Word for word, retype the lines from the one containing "This wedding invitation" to the one containing "ฉันไม่สามารถถอนตัวจาก Bora ฉันมี" below, keeping both end lines and dropping the pictures.
========
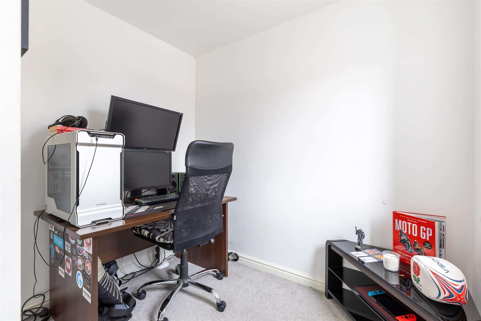 The property benefits from two allocated parking spaces to the side. To the front is a lawned area with hedge border and a flagged path to the front door.
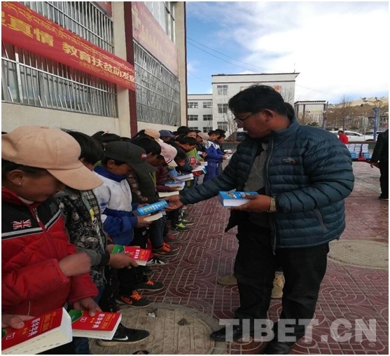 除了開(kāi)辦寒假補(bǔ)習(xí)班,駐村工作隊(duì)還為各駐村點(diǎn)的學(xué)生爭(zhēng)取到了價(jià)值近2萬(wàn)元的《現(xiàn)代漢語(yǔ)詞典》、《新華字典》等學(xué)習(xí)用品,并分赴昂仁縣中學(xué)、亞木鄉(xiāng)中心小學(xué)等,親手送到孩子們手上。
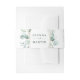 This wedding invitation belly band features painted watercolor eucalyptus and botanical green leaves with a gold geometric frame.
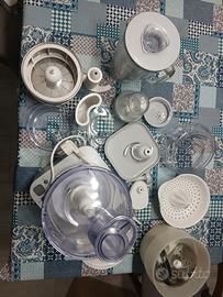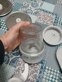 Vendo robot multifunzione Kenwood Multipro con bilancia integrata. Con un unico accessorio puoi tritare, affettare, grattugiare, impastare, macinare caffè, montare panna e albumi e spremere agrumi. Fai tutto con un'unica base, bella da vedersi e compatta. Ha un contenitore dove riporre tutti gli accessori, comodo così rimane tutto a portata di mano. Accessori: - boccale e boccale più piccolo per la metà dose; - bicchiere frullatore capacità 1,5 litri; - spremiagrumi; - 4 dischi in metallo per affettare e grattugiare; - macinino per caffè/formaggio da grattugiare; - piatto per la bilancia da lasciare attaccato alla base e pronto all'uso quando non si usano gli altri accessori; - fruste in metallo Non possiedo più la scatola e le istruzioni (che si trovano comodamente su internet in formato pdf) Preferisco la consegna a mano.
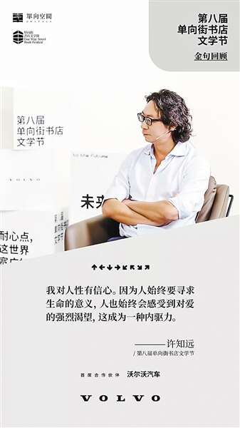 他们看新出来的网剧,跟我们那时候看金庸很像。我们这几代人,属于印刷文化的尾声。书之前都是羊皮纸抄得乱七八糟的,后来在印刷文化发展下突然标准化,成为工业化产物。我们迷恋它的连贯性、线性,这都是工业时代的标准。而更年轻一代他们处于文化技术革命的开始,他们肯定是迷茫的,新的秩序尚未形成。他们现在的感觉有点像工业时代机器还没有被驯服的状态。我相信未来,他们会产生自己表达领域的巴尔扎克、海明威、叔本华。因为人性本身是不会变的,我们对友情的渴望、对世界的爱,对爱情假装厌倦,但仍然不知疲倦地寻求,所有东西本质上是没有变的,我很有信心。沃尔沃能赞助一个书店的活动,2005年的我们打死都想不到。
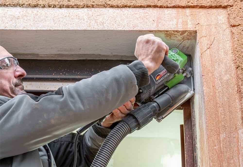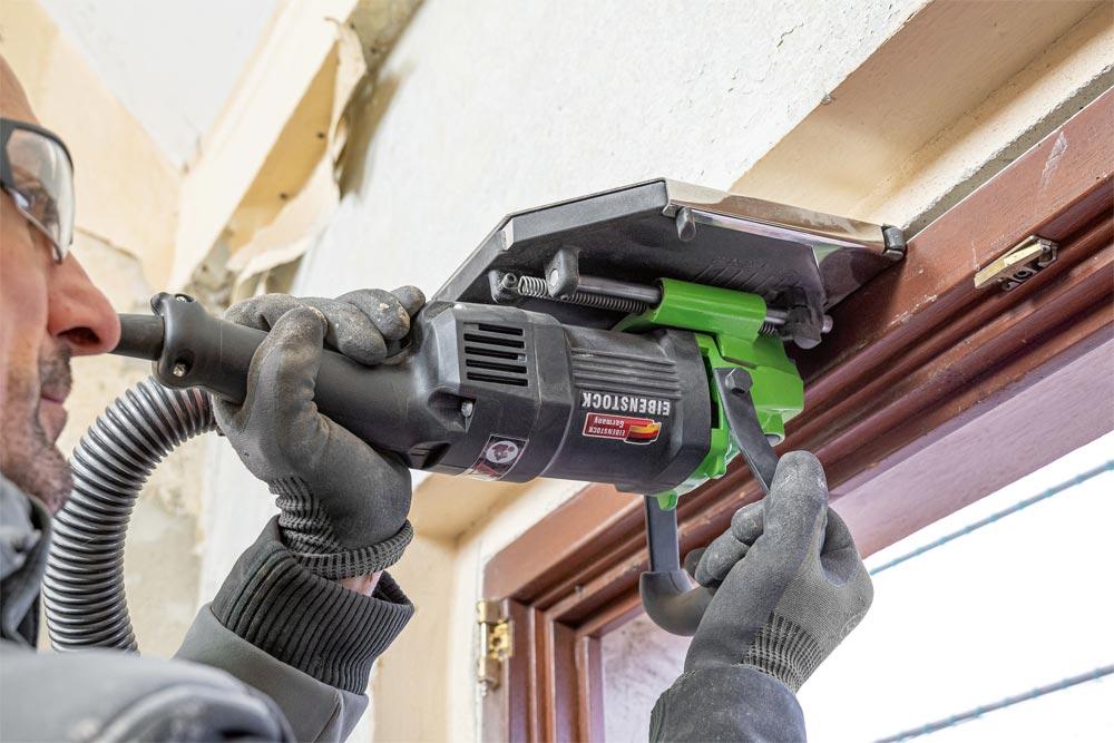 Leistungstarke Fenstersäge zur präzisen Demontage von Fenstern und Türen ∙ Eck- oder Längsschnitte durch werkzeuglos um 180° drehbares Bodenblech ∙ Stufenlose Einstellung der Schnitttiefe mittels stufenlosen Schnitttiefenbegrenzer ∙ Absaustutzen Ø 35mm für den Direktanschluss eines Saugers
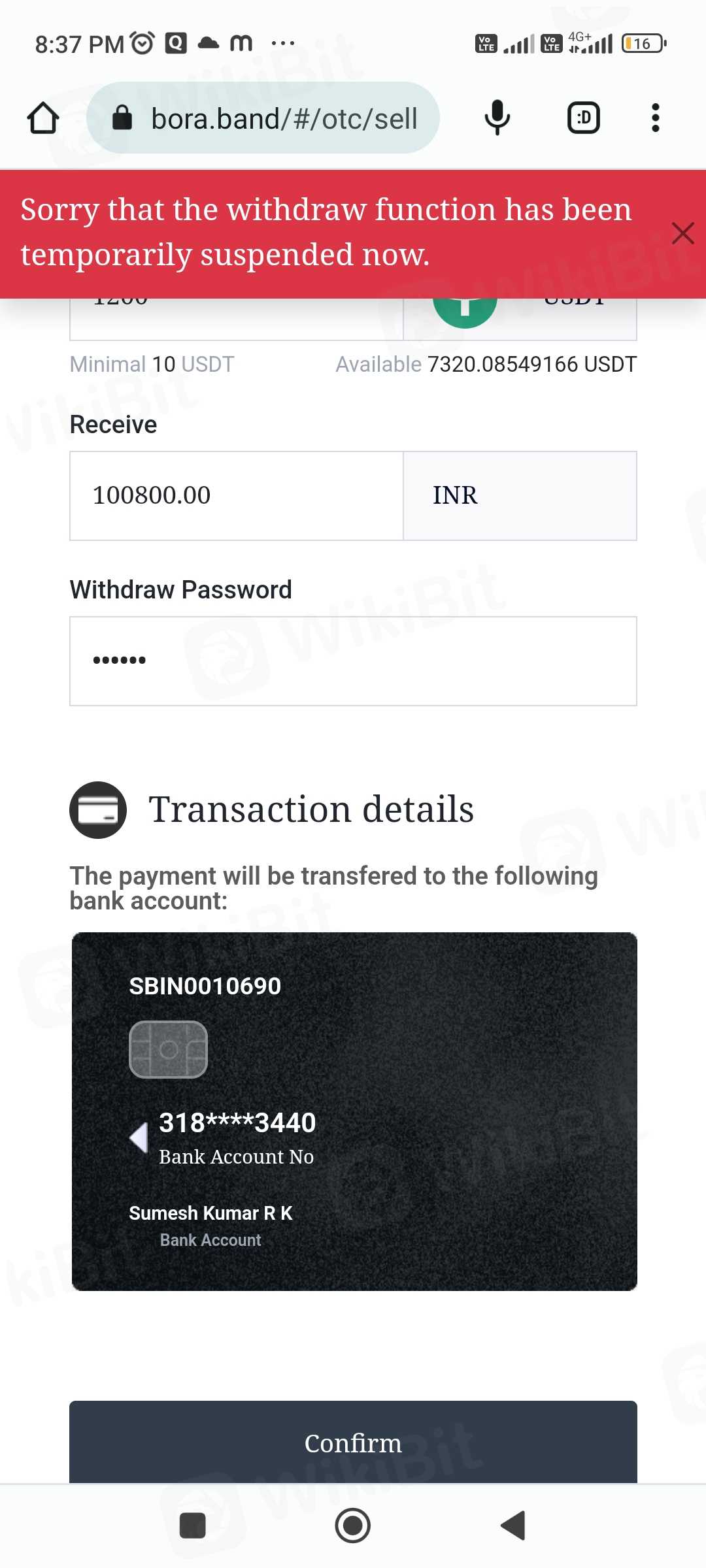 ฉันไม่สามารถถอนตัวจาก Bora ฉันมี 7500usdt ในบัญชีของฉัน Bora โกงประชาชนผู้บริสุทธิ์ในอินเดีย
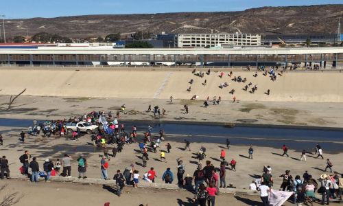Baja California.- Un grupo de entre 500 y 700 migrantes centroamericanos, en su mayoría de origen hondureño, intentaron ingresar a los Estados Unidos en las inmediaciones de la garita de “El Chaparral”, en Tijuana, Baja California.
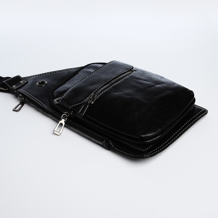 Сумка-слинг мужская из искусственной кожи, цвет чёрный
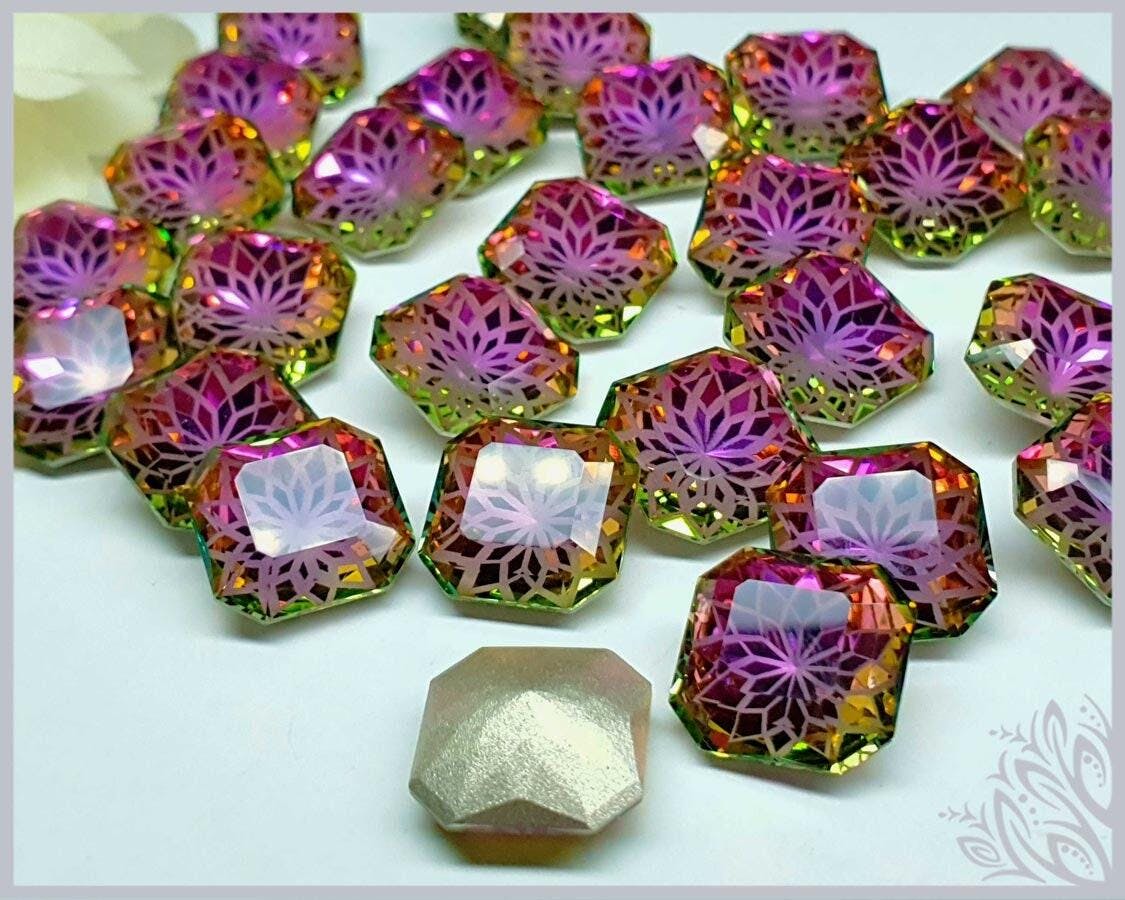 Glass crystal - square - 14 mm - Rivoli - square - 14 mm - Rose garden
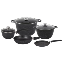 Idishlar korpusi quyma alyuminiydan tayyorlangan bo‘lib, u mustahkamlik va bardoshlilikni ta’minlaydi. 6 mm lik qalin taglik va 4,5 mm lik devorlar issiqlikni teng taqsimlaydi, bu esa taomning kuyishini yoki idishning deformatsiyalanishini oldini oladi. Yangi avlod marmar qoplamasi mineral zarrachalar bilan mustahkamlangan bo‘lib, tirnalishga chidamli va sog‘lik uchun xavfsiz (PFOA moddasiz). Kundalik foydalanish uchun mo‘ljallangan.
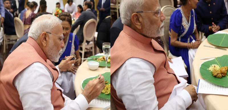 त्रिनिदाद में पीएम मोदी को सोहारी पत्ते पर परोसा गया पारंपरिक भोजन
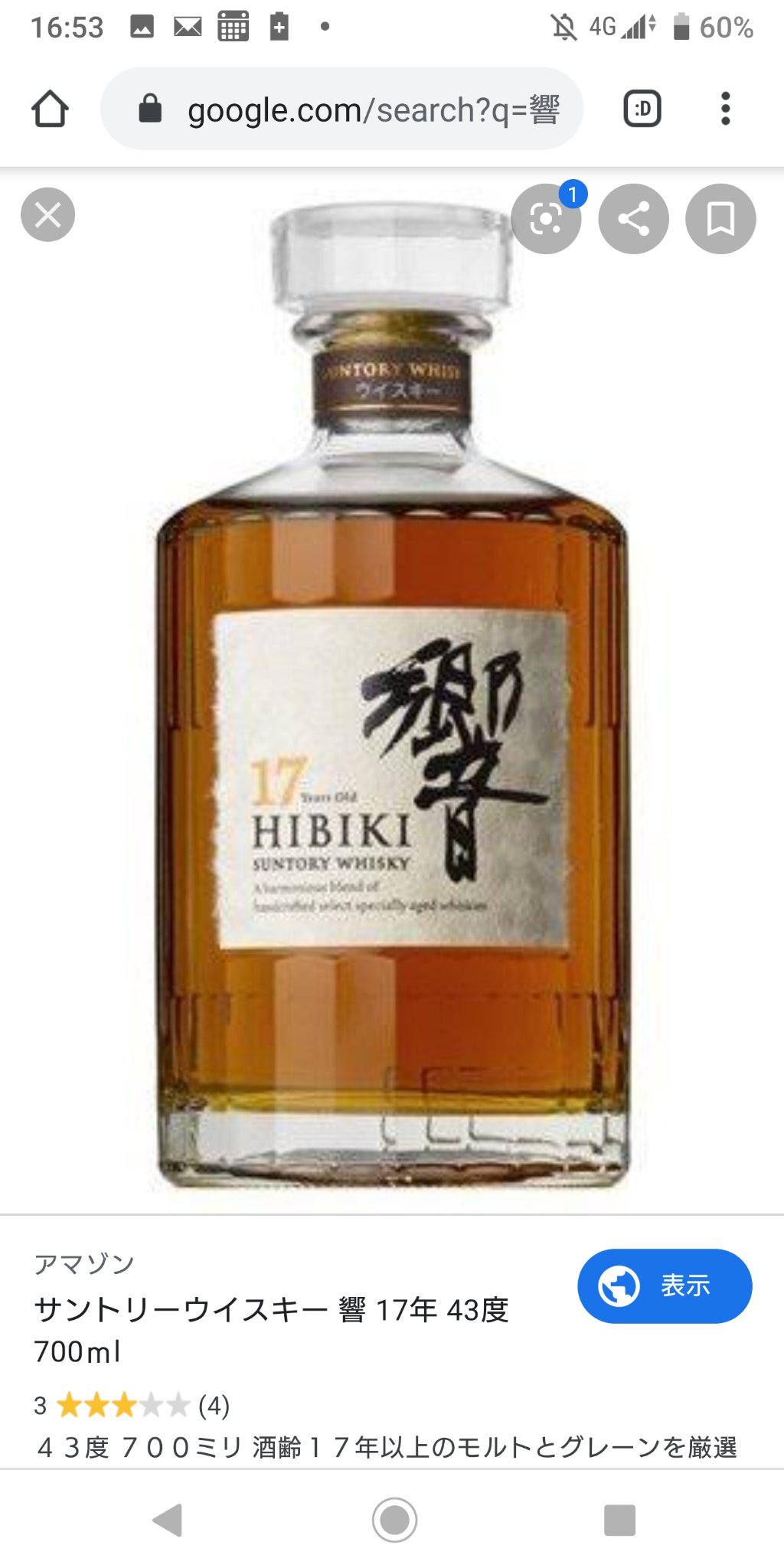 amazon co jp サントリー ブレンデッド ウイスキー 響17年 日本 700ml 食品 飲料 お酒
========
Answer area:
 This wedding invitation belly band features painted watercolor eucalyptus and botanical green leaves with a gold geometric frame.
 Vendo robot multifunzione Kenwood Multipro con bilancia integrata. Con un unico accessorio puoi tritare, affettare, grattugiare, impastare, macinare caffè, montare panna e albumi e spremere agrumi. Fai tutto con un'unica base, bella da vedersi e compatta. Ha un contenitore dove riporre tutti gli accessori, comodo così rimane tutto a portata di mano. Accessori: - boccale e boccale più piccolo per la metà dose; - bicchiere frullatore capacità 1,5 litri; - spremiagrumi; - 4 dischi in metallo per affettare e grattugiare; - macinino per caffè/formaggio da grattugiare; - piatto per la bilancia da lasciare attaccato alla base e pronto all'uso quando non si usano gli altri accessori; - fruste in metallo Non possiedo più la scatola e le istruzioni (che si trovano comodamente su internet in formato pdf) Preferisco la consegna a mano.
 他们看新出来的网剧,跟我们那时候看金庸很像。我们这几代人,属于印刷文化的尾声。书之前都是羊皮纸抄得乱七八糟的,后来在印刷文化发展下突然标准化,成为工业化产物。我们迷恋它的连贯性、线性,这都是工业时代的标准。而更年轻一代他们处于文化技术革命的开始,他们肯定是迷茫的,新的秩序尚未形成。他们现在的感觉有点像工业时代机器还没有被驯服的状态。我相信未来,他们会产生自己表达领域的巴尔扎克、海明威、叔本华。因为人性本身是不会变的,我们对友情的渴望、对世界的爱,对爱情假装厌倦,但仍然不知疲倦地寻求,所有东西本质上是没有变的,我很有信心。沃尔沃能赞助一个书店的活动,2005年的我们打死都想不到。
 Leistungstarke Fenstersäge zur präzisen Demontage von Fenstern und Türen ∙ Eck- oder Längsschnitte durch werkzeuglos um 180° drehbares Bodenblech ∙ Stufenlose Einstellung der Schnitttiefe mittels stufenlosen Schnitttiefenbegrenzer ∙ Absaustutzen Ø 35mm für den Direktanschluss eines Saugers
 ฉันไม่สามารถถอนตัวจาก Bora ฉันมี 7500usdt ในบัญชีของฉัน Bora โกงประชาชนผู้บริสุทธิ์ในอินเดีย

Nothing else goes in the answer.